Brussels International Catholic School (BICS) is an independent pre-primary through secondary Catholic school in the municipality of Etterbeek in Brussels, Belgium. Offering bilingual education to students, the academic program is designed for an international student body, with classes taught in French and English. Typically, pupils will learn the basics of reading and writing in French in the final year of the pre-primary section (ages five to six), whilst continuing to learn spoken English. The primary school follows the Cambridge Primary Programme (CPP) and Belgian approved curriculum.

With the contents of liberal arts and sciences, BICS offers studies in mathematics, science, history, Latin, and English and French language and literature.
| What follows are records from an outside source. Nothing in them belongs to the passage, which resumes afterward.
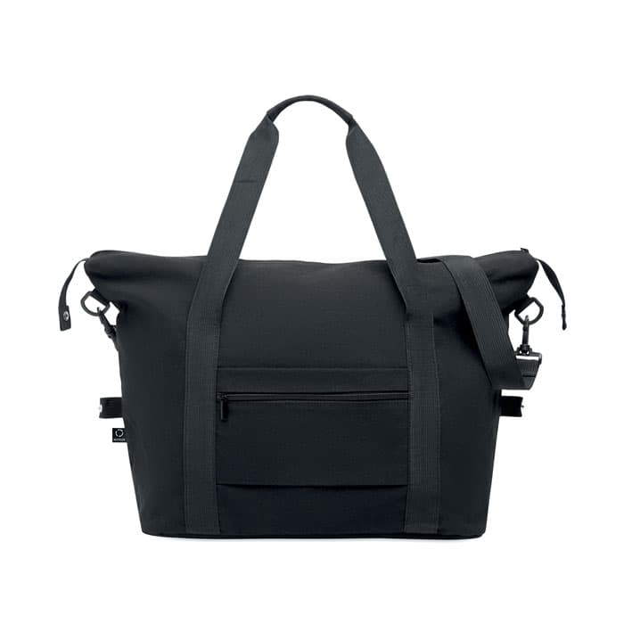 Weekend- reistas van gerecycled pre-consumer katoen en gerecycled polyester (70%/30%) met voering van 210D RPET polyester. De tas heeft een voorvak, achterzak met rits, afneembare en verstelbare schouderriem en gewatteerde bodem. Trolleyhouder aan de achterkant.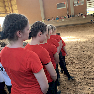 Angelika Welte behielt als Volti‑Managerin den Überblick, Trainerin Cornelia Heimpel kümmerte sich parallel um Warm‑up, Equipment sowie Pferd und Longenführerin. Musik an – und los ging’s!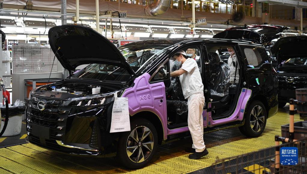 工人在广州的广汽传祺智慧工厂总装车间生产线上工作(3月20日摄)。

BICS incorporates extracurricular within its programme, including options of tennis, swimming and performing arts.

== After school service ==
A garderie service is available at the school every day to support working parents. Depending on their age, children are placed in a monitored area and encouraged to perform schoolwork (guided by a teacher), read, or play creatively.

== Curriculum ==
Brussel International Catholic School followed in the primary department is based upon a Belgian program for the French-speaking part and the Cambridge Primary for the English-speaking part. At the end of their six years of primary school, students can take the Belgian "examen cantonal".

The school is an accredited Cambridge University Examinations test center and as such offers the Cambridge International GCSE and A level curriculum.